4. If the leg decreases significantly in circumference as a result of higher working compression levels generated, the garment can slide down and the higher working compression advantage would be lost until readjusted.

"Short stretch" products are applied with some stretch and hence, inherent in that stretch is some tension, which translates into ~some~ compression. As the authors appropriately state, this compression level can fall of rather abruptly with time. Short stretch bandages, traditionally, are manufactured of 100% cotton and depend a good degree on the weave of the product to produce the tension and hence compression. So if a product which has some stretch but little sustained elastic compression of its own is applied near its maximal stretch, it would essentially function as inelastic, although if the leg reduced in size, it "might" shrink along with the leg, but also provide a lower working compression level.
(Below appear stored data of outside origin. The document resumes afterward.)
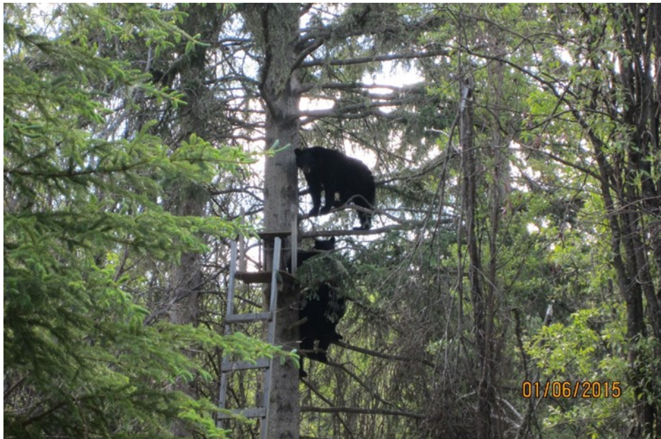
Kuva 10. Syöteillä tapasi usein paljon karhuja. Nämä kolme yksilöä pakenivat kytäys- puuhun mönkijän ääniä.

Minusta oli hienoa miten Kanadassa suhtauduttiin siihen, että mustakarhut liikkuivat paljon kaupungin läheisyydessä. Suomalainen tapa käsitellä suur- petoja, jos ne tulevat näyttävän karvaisen naamansa lähelläkään ihmisasu- tusta, on suorastaan hysteerinen välillä. Kun siihen lisää vielä uteliaat ihmi- set, jotka tunkevat katsomaan karhua, vaikka asiasta on kielletty, on soppa valmis. Kyseenalaistan kokemuksieni perusteella vahvasti sitä, että tarvit- seeko median edes aloittaa hurjaa tiedottamista, että karhu on nähty taa- jama-alueen läheisyydessä. Karhut kuuluvat kyllä metsiin, mutta ilmainen ruoka on kenestä tahansa, niin ihmisestä kuin karhusta, äärimmäisen hou- kuttelevaa. Ihmisten pelonsekainen suhtautumisen sijaan olisi hyvä ottaa kerrankin mallia suuresta maailmasta ja oppia suhtautumaan karhuunkin kuin se olisi luonnollinen asia ilman sitä, että metsästäjiä vaaditaan samalla kertaa lopettamaan väärälle polulle vahingossa astunut nalle. On selvää, että kun ihmiset rakentavat uusia asuinalueita ennen rakentamattomille ja jopa koskemattomille alueille, niin suurpetoja tullaan näkemään ihmisten lähei- syydessä enemmän ja siihen pitää osata suhtautua rauhallisesti, ei niin kuin nykyään on ollut tapana. Tietenkään ei koskaan pidä olla tyhmänrohkea, mutta turha asian esittely mediassa ei ole hyvä asia (Kuva 10).
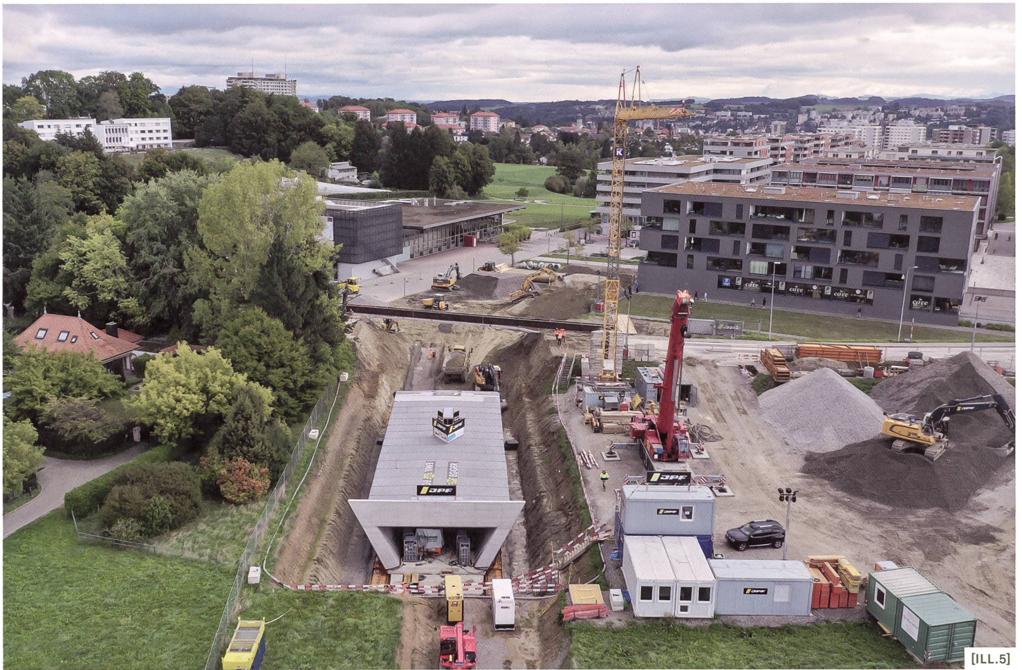
[ILL.5] Passage inférieur en construction sous la route cantonale à Villars-sur-Glâne, ouvrage de 1500 tonnes / Bau der Unterführung an der Kantonsstrasse in Villars-sur-Glâne, ein 1500 Tonnen schweres Bauwerk / Sottopasso in costruzione sotto la strada cantonale a Villars-sur-Glâne, un'opera di 1500 tonnellate
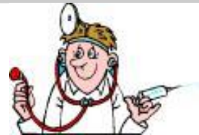
Metge / metgessa ↓
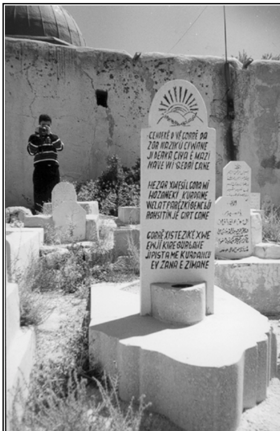
گوڤری قه‌دری جان له شام ئەو شیعەری که له‌سه‌ر کیتلکه‌ی نووسراوه‌ی (عیزه‌ت ئا‌غایێ دێرکی) یه.
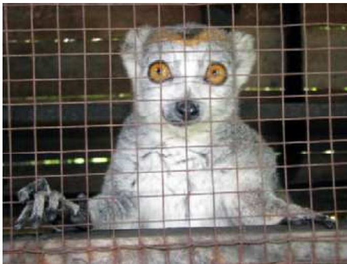
Mbola misy olona ratsy fanaha mitarimy ankomaba karaha Eulemur coronatus ity an'tranonjareo. Ankomba tokony mipetraka anaty ala fa tsy an'tanana!

Hatramin'ny izao, na efa nisy fampianarana maro momba ny tontolo iainana, aza ezaka mafy natao ny WCS Makira, na ny ANGAP, mbola misy olona ratsy foana, anatin'ny faritra Sambava ndraiky Andapa ndraiky Maroantsetra, mitarimy ankomba an'trano anaty vala!
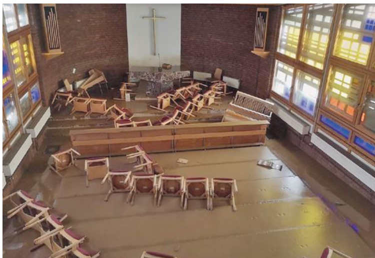
αριστερά: Η πλημμυρισμένη εκκλησία στο Σίνζιγκ (Γερμανία) κάτω: Η ανακατασκευασμένη εκκλησία στο Σαν Ισίδωρο (Φιλιππίνες)
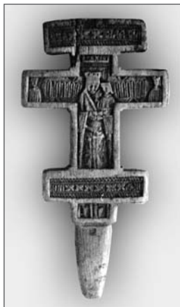
Рис. 1. Дерев'яний ручний хрест. Тербовлянський р-н, с. Бурканів. ХІХ ст. ТКМ інв. №ТКМД – 69.
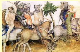
Le dilemme de Bohort.
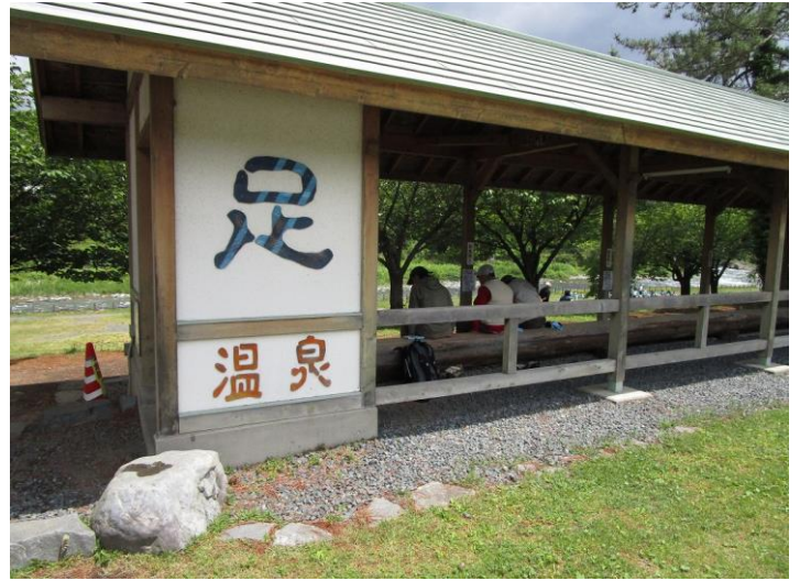
清流公園にある足湯 足ふきタオルも用意されていました。 少々、ぬるめのお湯でした・・・
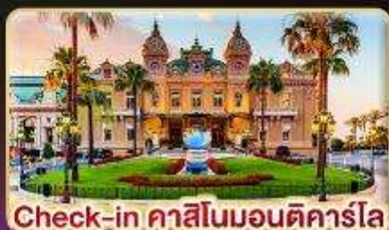
Check-in คาสีโนมอนติคาร์โล
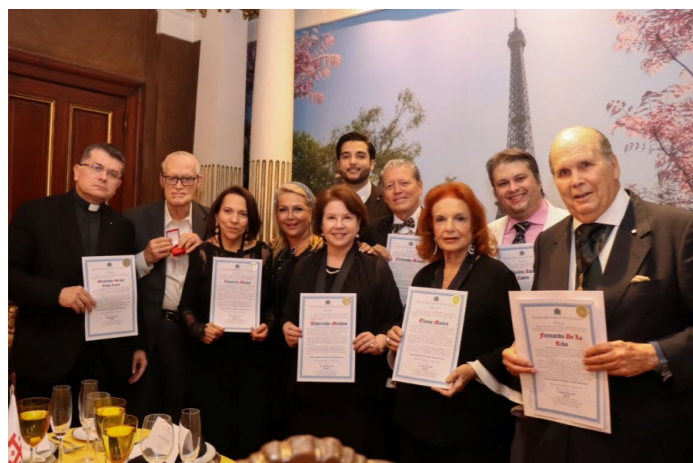
Camara municipal do Rio de Janeiro presta homenagem à OESSJ

O Jantar Beneficente realizado no dia 29 de abril, foi um grande sucesso com todos os convites foram vendidos e os lugares esgotados.
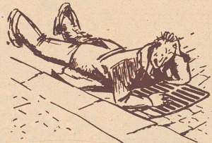
«Oh weh, jetzt haben sie mich erwischt!!»

«Das ist doch nicht schwer ... erstens ist das Papier rosa, zweitens sitzt die Briefmarke schief ... na, und drittens ist der Umschlag unterwegs aufgegangen ...»

If, however, a product with short (limited or low) stretch AND elastic fibers was used, the compression would not fall off as quickly and the performance would be hybridized with other elastic compression garments. By hybridized, I mean provide a steady lower resting compression (like a stocking) AND a higher working compression (more like inelastic).

Why is this important?

In my opinion, with elastic short stretch products ...
1. The short stretch can better cue you in to the amount of tension being applied by feeling the abruptness of the short stretch and hence the tension level.
2. The stretch allows for better functionality over joints.
3. The short stretch generally allows for more consistent low resting compression and higher working compression levels (working like a pump when the patient ambulates when properly applied). (It is sometimes referred to as a poor man's pump.)
4. The product can shrink some if the leg decreases in size, limiting slippage and the need for adjustments.

As a clinical example, in a chair-bound nursing home resident, a truly inelastic product that is properly applied might apply very little resting compression (or if too tight could be a tourniquet). A short stretch product with elastic fibers would apply some sustained resting compression with the potential for higher working compression when properly applied. Long stretch wraps have the potential to produce highest sustained resting compressions, which can be a little more hazardous if not professionally applied, and lower working compressions unless applied with a significant (potentially more dangerous) amount of tension.

Conversely, if a patient had poor arterial circulation, the provider may opt to apply a product that is "inelastic" with very little tension applied because a lower resting compression has a lower potential to block arterial circulation, but still has the potential to provide a higher working compression to help reduce/control edema. Note that this would work best if the calf muscle pump was functional.

One last point. A product that is inelastic applied and just barely snug would apply a low resting compression when vertical, but very little, if any, when lying down. Short stretch would apply more resting compression than inelastic when lying down. Long stretch would generally provide the most compression when lying down (and the least potential for high working compression when vertical). So patients with impaired arterial circulation are generally safer with inelastic, then short stretch products, when they lie down, as opposed to long stretch, IF compression is safe be applied at all depending on the situation.